Solo i patrioti possono governare Hong Kong: esserlo significa amare la Cina. Nelle parole pronunciate nella giornata di ieri da Xia Baolong, capo dell’Ufficio per gli affari di Hong Kong e Macao del governo centrale, è condensata la visione di Pechino dell’ex colonia britannica, che nel 2022 chiamerà i cittadini alle urne per votare il futuro Chief Executive, precedentemente selezionato dal Partito comunista cinese. Nell’ottica di neutralizzare qualsiasi forma di opposizione ed evitare ulteriori disordini sociali e politici, il massimo funzionario di Pechino responsabile degli affari della città ha dettato le linee guida per far sì che solamente chi è fedele alla Cina occupi posizioni chiave nel ramo esecutivo, legislativo e giudiziario del governo di Hong Kong. Precondizione necessaria per proteggere il modello «un paese, due sistemi».

Secondo Xia, infatti, chi occuperà gli uffici pubblici dovrà seguire rigorosamente la Costituzione cinese e la Basic Law, la carta di Hong Kong, rispettare l’autorità del governo centrale e la sovranità nazionale osservando la legge sulla sicurezza.
Nello schema delineato dal vicepresidente della Conferenza consultiva politica del popolo cinese, il principale organo consultivo politico del paese, non rientrano gli oppositori della Cina e del Partito o i sostenitori delle «forze straniere».
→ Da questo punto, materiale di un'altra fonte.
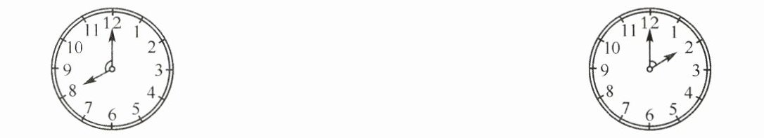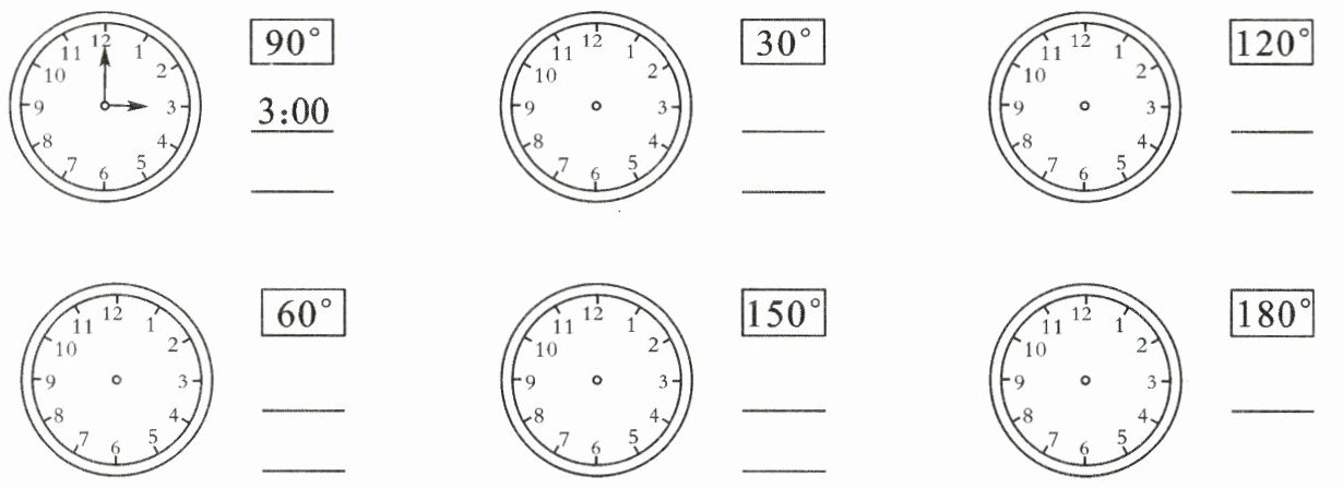 4. 在钟面上画出时针和分针,使它们所成的角等于给定的度数。想一想,还可能是几时,在横线上填一填。

Ma non è la prima volta che il profilo del perfetto patriota viene ritagliato su misura per Hong Kong. Già Deng Xiaoping, prima di ottenere nuovamente la città portuale da Margaret Thatcher, aveva delineato quali fossero gli atteggiamenti imprescindibili per garantire il successo del neonato «un paese, due sistemi».

Ma è con Xi Jinping che il patriottismo ha assunto un ruolo predominante negli affari governativi, ribadito più volte anche alla Chief Executive in carica Carrie Lam, che vede la sua posizione politica in bilico dopo l’ondata di manifestazioni che si è abbattuta su Hong Kong nel 2019. Xia, nel suo intervento di ieri, ha sottolineato l’esigenza di riformare il sistema elettorale di Hong Kong, auspicando in un rafforzamento della governance attraverso una maggiore collaborazione tra amministrazione locale e legislatori. Il tema potrebbe essere affrontato la settimana prossima durante le «due sessioni» (lianghui), il tradizionale appuntamento legislativo di Pechino, dove i funzionari potranno votare su emendamenti per modificare la composizione del comitato elettorale di 1.200 membri.

Seppur non esplicitato, l’obiettivo è chiaro: limitare la presenza dell’opposizione nell’organo che si occupa di scegliere i candidati per la guida di Hong Kong, prima che siano votati dagli abitanti dell’ex colonia britannica. Con uomini fedeli in posti chiave, è più semplice per Pechino rafforzare il controllo su Hong Kong, già privata di forze di opposizione dopo l’ondata di arresti di attivisti politici ed espulsioni dei legislatori dal parlamentino della città.